Exercise details:
Starting at the first line of the listing below, repeat each line exactly until the line containing "small hand knitted", which you include. Leave out pictures.

Exercise data:
◇ ◇ ◇ ◇ ◇

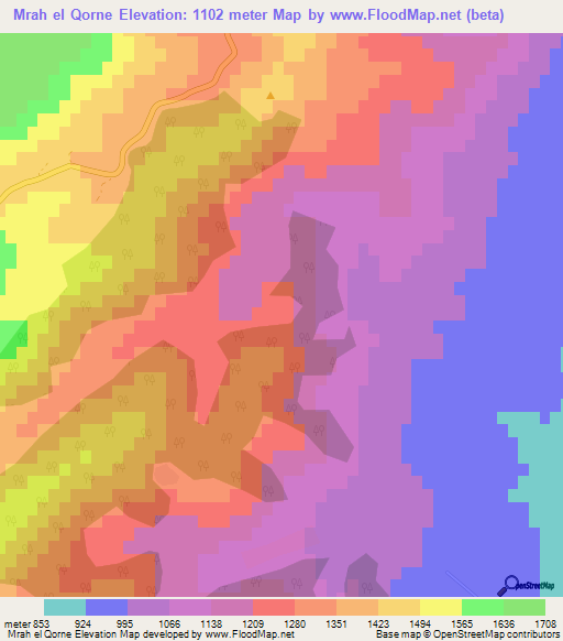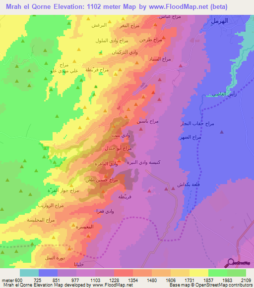 Below is the Elevation map of Mrah el Qorne,Lebanon, which displays range of elevation with different colours.
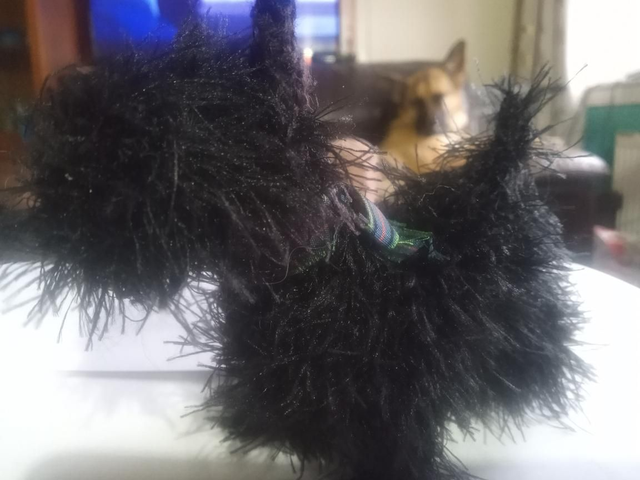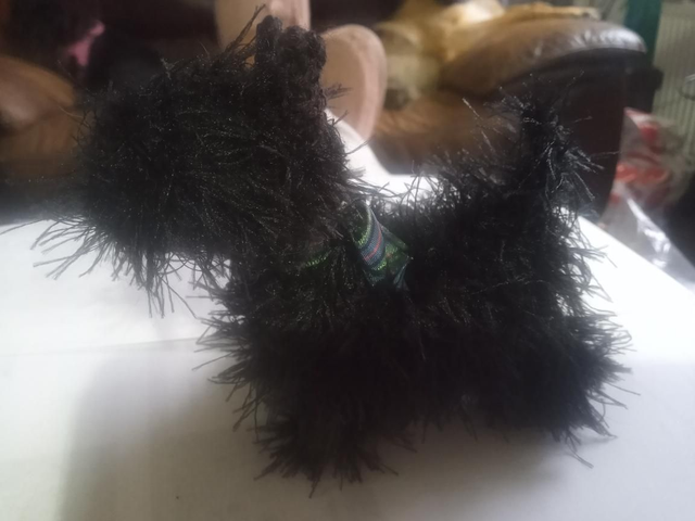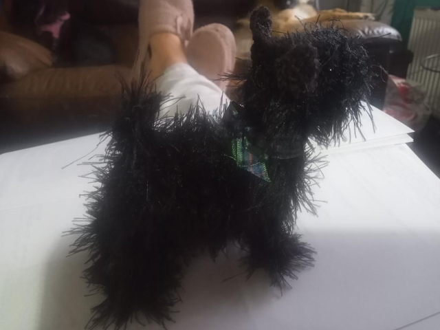 small hand knitted Scotty dog. I make these to order with polyester eyelash yarn and beads for eyes and they also have a tartan ribbon and bow round the neck.
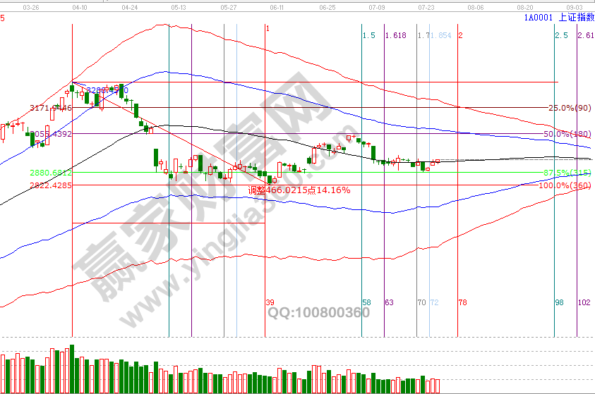 24號(hào)先行指數(shù)上證50收復(fù)短周期60分鐘關(guān)鍵位,贏家江恩技術(shù)服務(wù)老師在學(xué)員區(qū)及時(shí)解讀了此信號(hào),收復(fù)此線則代表新一波震蕩反彈動(dòng)作的展開(kāi),周四滬指日線及短周期全部進(jìn)入生命線上安全區(qū)域,需要注意的是短周期15分鐘即將觸碰極反通道藍(lán)色上軌線,預(yù)示著26號(hào)早盤(pán)沖高后會(huì)出現(xiàn)滯漲情況,從各周期線關(guān)系看反彈動(dòng)作還將延續(xù),修整是對(duì)突破日線生命線一次確認(rèn)動(dòng)作,此處反彈空間與時(shí)間維持不變,下個(gè)時(shí)間窗口是8月1號(hào),7月26號(hào)盤(pán)中壓力是225度2944點(diǎn)、270度2961點(diǎn),盤(pán)中支撐是135度2911點(diǎn)。操作策略,指數(shù)極反通道生命線震蕩,信號(hào)延續(xù)價(jià)格看60分鐘上軌線,時(shí)間看8月1號(hào),信號(hào)結(jié)束為上證50失守60分鐘生命線,整體持倉(cāng)保持3成。

◇ ◇ ◇ ◇ ◇

Reply:
 Below is the Elevation map of Mrah el Qorne,Lebanon, which displays range of elevation with different colours.
 small hand knitted Scotty dog. I make these to order with polyester eyelash yarn and beads for eyes and they also have a tartan ribbon and bow round the neck.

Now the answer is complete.